5 C of business loan are:
Col. Suicide attack
The character is about you. It’s about your personal history, your stability and how reliable you are. This variable is more subjective than others, and one of the many reasons is that it is beneficial to do business with a bank where you have established relationships with the people who work there. In determining your role, the lender can look at your education, your work history, your personal income, and your personal reputation.
Again, it’s important to remember that this is an area of business trust where relationships matter!
Capital is about how much you have invested in your business. Whether you are seeking a bank loan or a loan from a private investor, the lender will want to see that you have invested heavily in your business. In general, the more personal money you invest in your business, the better it will look to potential lenders. (However, if you don’t have enough confidence to invest in your business, why should they?)
Eligibility is about your ability to repay the loan according to the terms. Matters such as cash flow, payment date, and the assets and resources of any person providing personal guarantee will play an important role in determining your ability to repay the loan. Suicide is something that is offered to protect the debt. Anything from household goods to inventory can be considered a suicide attack. Suicide bonds can be easy to get approved for, and will require a lot of credit. In some cases, the more you can present yourself as a suicide bomber, the more likely you are to get approval.

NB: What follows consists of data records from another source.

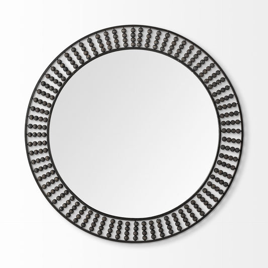 42" Round Black Metal Frame Wall Mirror With Wood Beads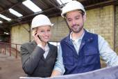 pracownik pokazuje do inspektora bezpieczeństwa systemu tworzenia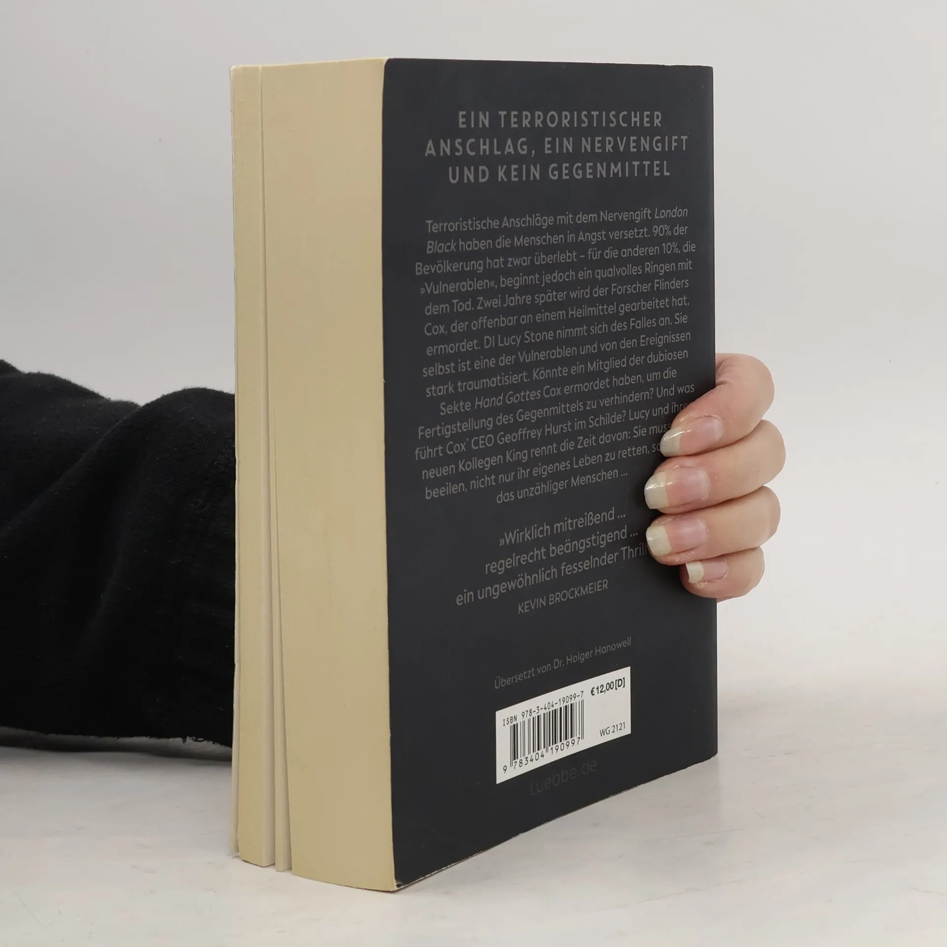 Ein terroristischer Anschlag, ein Nervengift und kein Gegenmittel Terroristische Anschläge mit dem Nervengift London Black haben die Menschen in Angst versetzt. 90% der Bevölkerung hat zwar überlebt. Für die anderen 10%, die »Vulnerablen«, beginnt jedoch ein qualvolles Ringen mit dem Tod. Zwei Jahre später wird der Forscher Flinders Cox, der offenbar an einem Heilmittel gearbeitet hat, ermordet. DI Lucy Stone nimmt sich des Falles an. Sie selbst ist eine der Vulnerablen und von den Ereignissen stark traumatisiert. Könnte ein Mitglied der dubiosen Sekte Hand Gottes Cox ermordet haben, um die Fertigstellung des Gegenmittels zu verhindern? Und was führt Cox' CEO Geoffrey Hurst im Schilde? Lucy und ihrem neuen Kollegen King rennt die Zeit davon: Sie muss sich beeilen, nicht nur ihr eigenes Leben zu retten, sondern das unzähliger Menschen ...

“Terms” can mean many things, some of which may be beyond your control. The current economy, for example, can play a role in your ability to get a loan. This includes your industry and its economic status and the purpose of the loan.
If your industry is struggling and businesses in your industry are struggling, this can negatively affect your ability to get approval. Some loan objectives are more easily accepted than others. Loans are less likely to be approved for risky purposes, such as new and undivided expansion.
When your company meets these 5Cs, you have a better chance of getting approval.